**The data**.
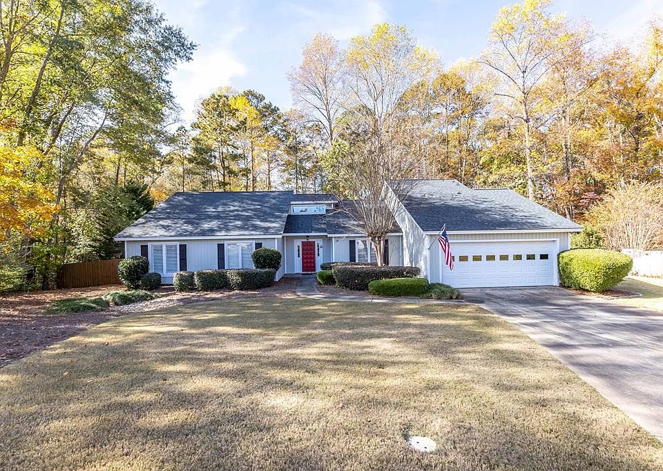 Welcome home to this charming 3-bedroom, 2-bathroom home situated on 1.19 acres in North Columbus! This beautifully maintained property offers both peaceful privacy and convenience. Step inside a welcoming entryway that opens into an inviting living space, featuring vaulted ceilings, a brick wood burning fireplace, and an abundance of natural light. A separate formal dining room provides an ideal space for gatherings and holiday meals. The sunroom, with its tall ceilings and walls of windows, is a stunning highlight, offering year-round enjoyment and serene views of the backyard. The kitchen features granite countertops, tile backsplash, and an eat-in kitchen area overlooking the property. The spacious primary suite offers vaulted ceilings and an ensuite bath with granite vanity and tiled shower. Two additional bedrooms and a full bathroom provide excellent space for family, guests, an office, or flex use. Outside, enjoy your own beautiful in-ground pool, deck, and wooded views - perfect for entertaining, relaxing, and making memories. Additional features include a two-car garage, fenced areas, and a quiet cul-de-sac location just minutes from shopping, dining, schools, and I-185.
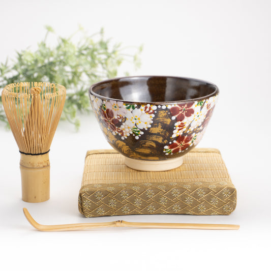 Matcha bowl - Rust painted camellia after KENZAN"乾山" by Shunzan kiln
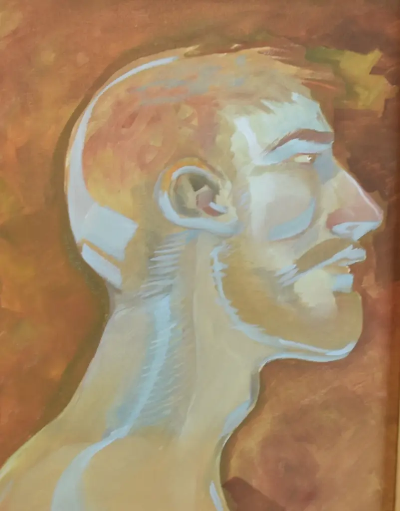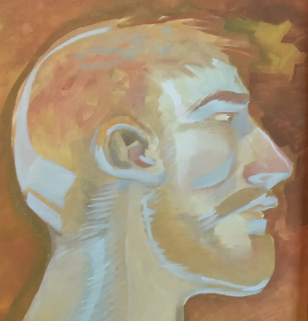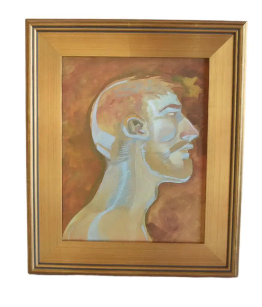 Impressionist portrait of a male profile oil painting on artist canvas board. Illegible signature on reverse. The beautifully antiqued gold wood frame and hanging hardware/wire are included. Dimensions: The artwork measures 11����L x 14�����H, and the overall dimensions, including the frame, are 16”L x 19�����H. It is available from Mike Seratt of The Prized Pig. It is in excellent, beautiful condition!!!
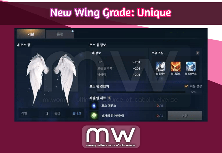 - After transcendence, the Force Wing will be upgraded to Grade Unique with Level 1.

**Prompt**. Copy only the lines running from the one that holds "Impressionist portrait of" through the last line of the data, and include both of those lines. Do not copy any pictures.

**Response to this exercise**.
 Impressionist portrait of a male profile oil painting on artist canvas board. Illegible signature on reverse. The beautifully antiqued gold wood frame and hanging hardware/wire are included. Dimensions: The artwork measures 11����L x 14�����H, and the overall dimensions, including the frame, are 16”L x 19�����H. It is available from Mike Seratt of The Prized Pig. It is in excellent, beautiful condition!!!
 - After transcendence, the Force Wing will be upgraded to Grade Unique with Level 1.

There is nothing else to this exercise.